Trump has set a two-month deadline to clinch a new deal. But it’s unclear what the contents of this deal will be, and it’s also hard to imagine that the current talks will birth what Trump promises to be a “stronger” agreement by mid-June. The two-month deadline is not just Trump’s attempt to hurry the deal. Iran is even more impatient to wrap up the talks as fast as possible. After the face-to-face in Oman, Araghchi told Iranian state TV: “Neither we nor the other side are interested in fruitless negotiations… “talks for the sake of talks,” wasting time, or drawn-out, exhausting negotiations.” He further said that Americans also wanted to reach an agreement in the shortest possible time. “However, that will certainly not be an easy task,” he cautioned. In the interest of time, it seems likely to have a reprise of JCPOA.

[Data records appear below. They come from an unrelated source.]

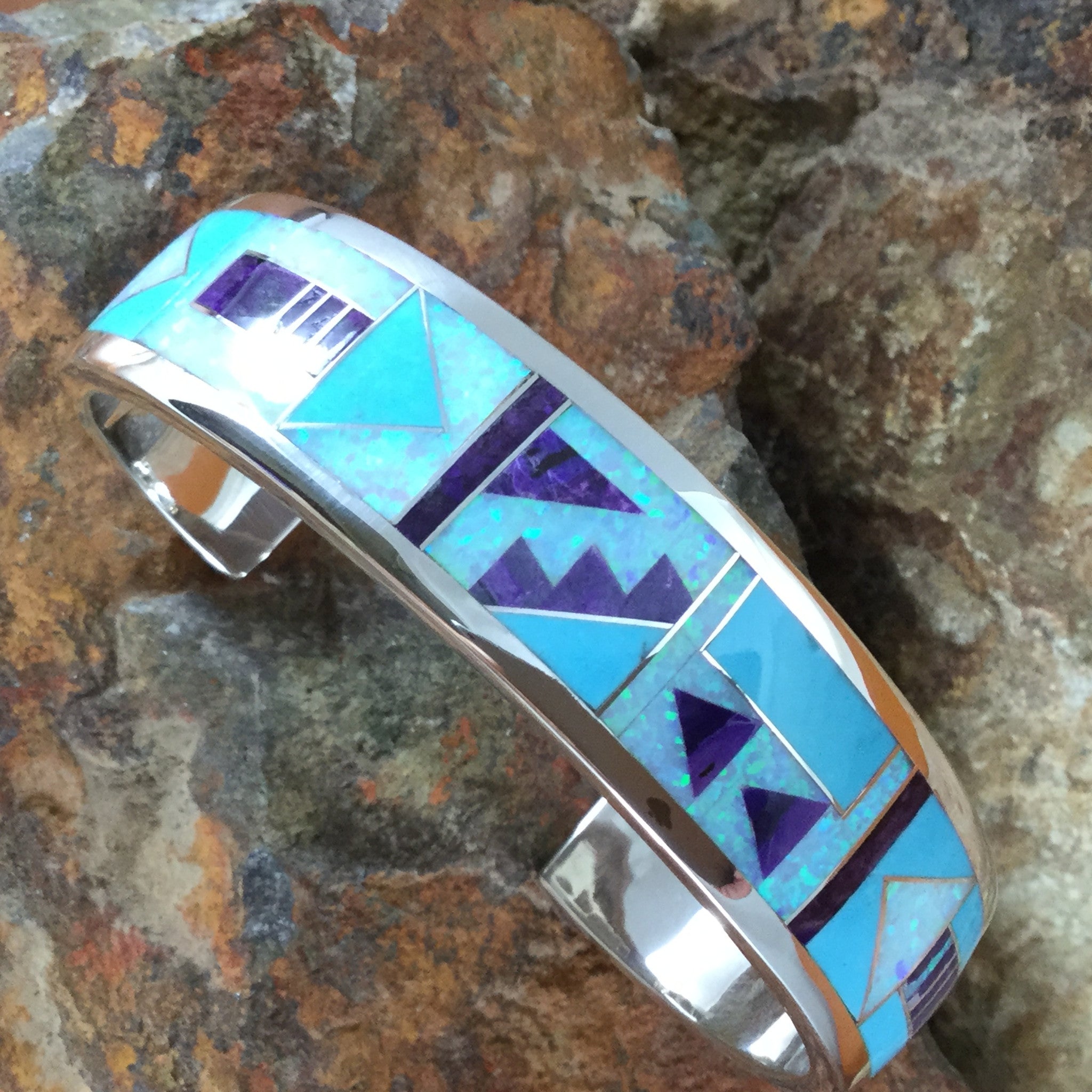 This Beautiful Sterling Silver Bracelet shown in a variation of the Shalako Collection, features Sugilite, Tibetan Turquoise and Lab Opal. Choose Bracelet Size based on Total Circumference of Wrist.
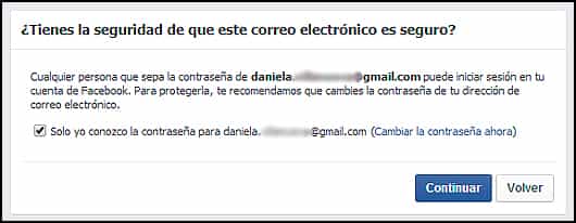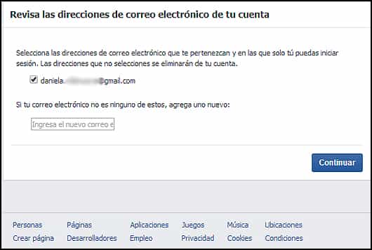 5. Al generar una nueva contraseña te piden que revises si el correo electrónico que ahí aparece es el que está correctamente ligado a tu Facebook. Si no es, puedes ingresar uno nuevo: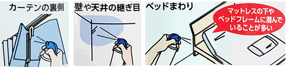 (例)ベッド周り・壁や天井のつなぎ目・カーテンの裏側など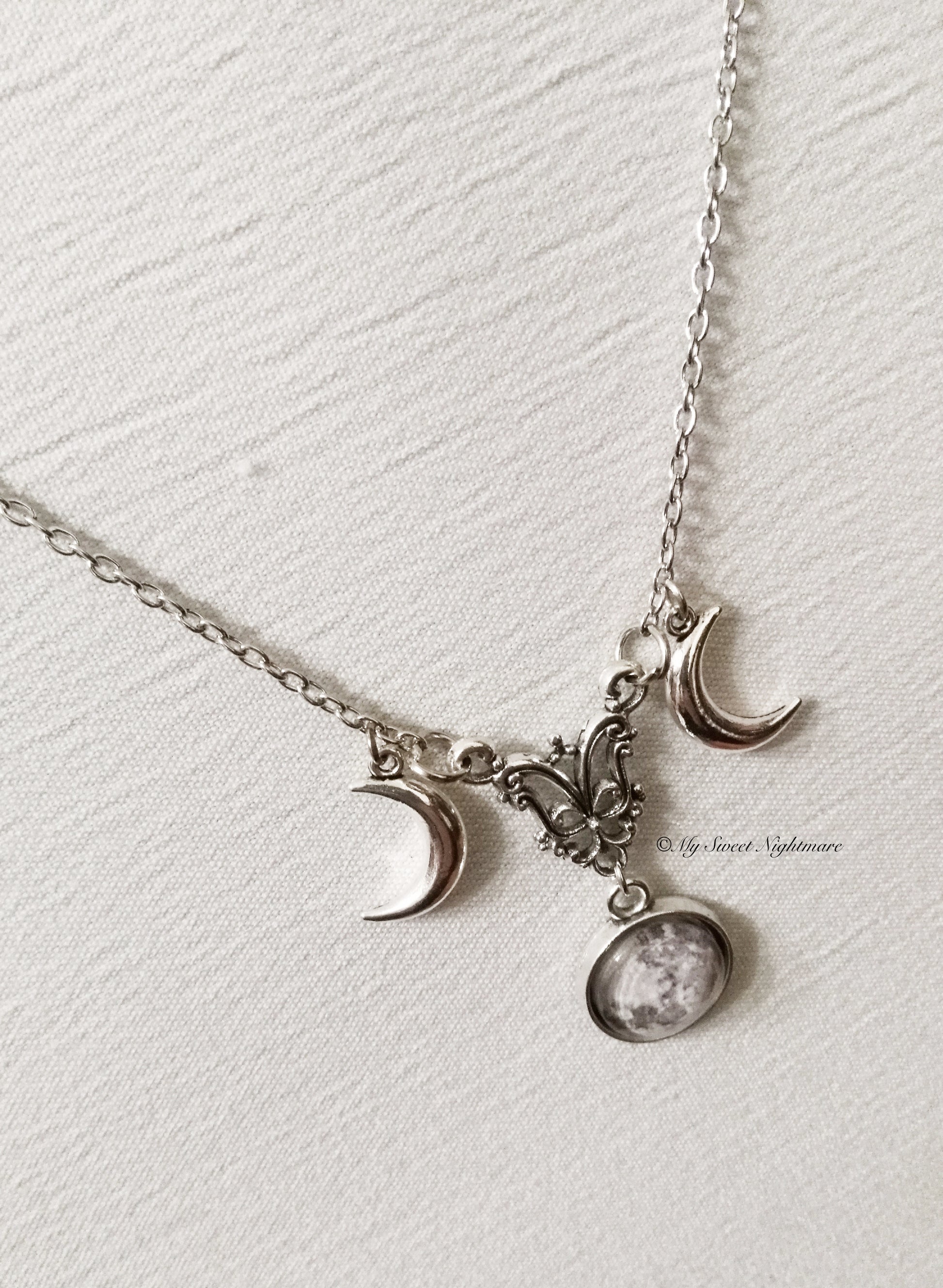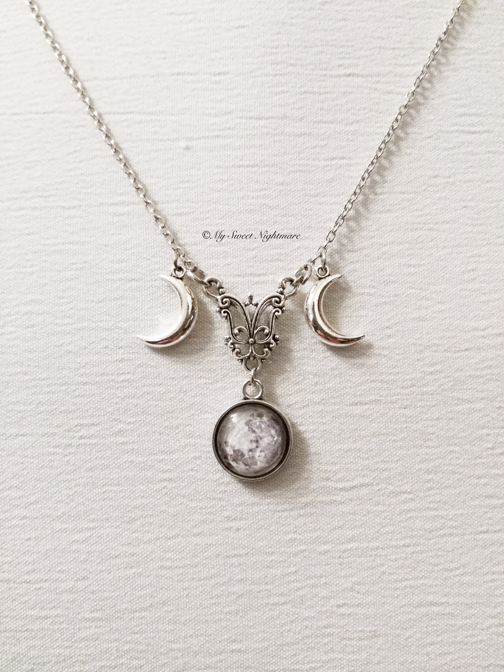 Questo gioiello simbologia la triplice luna e rappresenta le fasi di crescita femminile, la luna crescente a sinistra rappresenta la fanciulla, la luna piena al centro rappresenta la madre, la luna calante a destra rappresenta la donna anziana.

Trump may simply adopt the main features of JCPOA in order to a quick deal. A senior administration U.S. official said: “Iran would be eager to jump back into something like JCPOA.” The key irritant, however, is Iran’s nuclear program. It dominated the first round of talks, and it will be at the heart of the second round as well. Iran is adamant about continuing to harness nuclear technology for agriculture, energy, industry, and medicine. It maintains that the Nuclear Non-Proliferation Treaty allows for the peaceful use of nuclear technology. The Trump administration, however, wants to stop Iran from being able to produce a nuclear weapon. But this leaves the door ajar to civilian use of nuclear technology under a UN monitoring system as was the case in JCPOA. Iran may accept this position.
Iran’s economy, battered by retributive sanctions, needs to come out of the shadows. Iran and its people deserve to live in a normal country. President Trump goes even further to say: “I want Iran to be a wonderful, great, happy country, but they can’t have a nuclear weapon.” Iran has always accepted this condition for lifting economic sanctions, and President Masoud Pezeshkian seems determined to see this deal through.
Those who dismiss Iran’s elected leadership as mere figureheads, with religious authorities holding the real power, should think again. The hard-liners who adhere to the religious authorities’ conservatism believe that the current talks are just a ruse to render Iran defenseless. But the reformist leadership under President Pezeshkian, who defeated hardline conservative Saeed Jalili, a former nuclear negotiator, has successfully convinced religious authorities to negotiate a deal with the United States. But much depends on Trump and his ability to restrain Israel from preemptively attacking Iran’s nuclear facilities.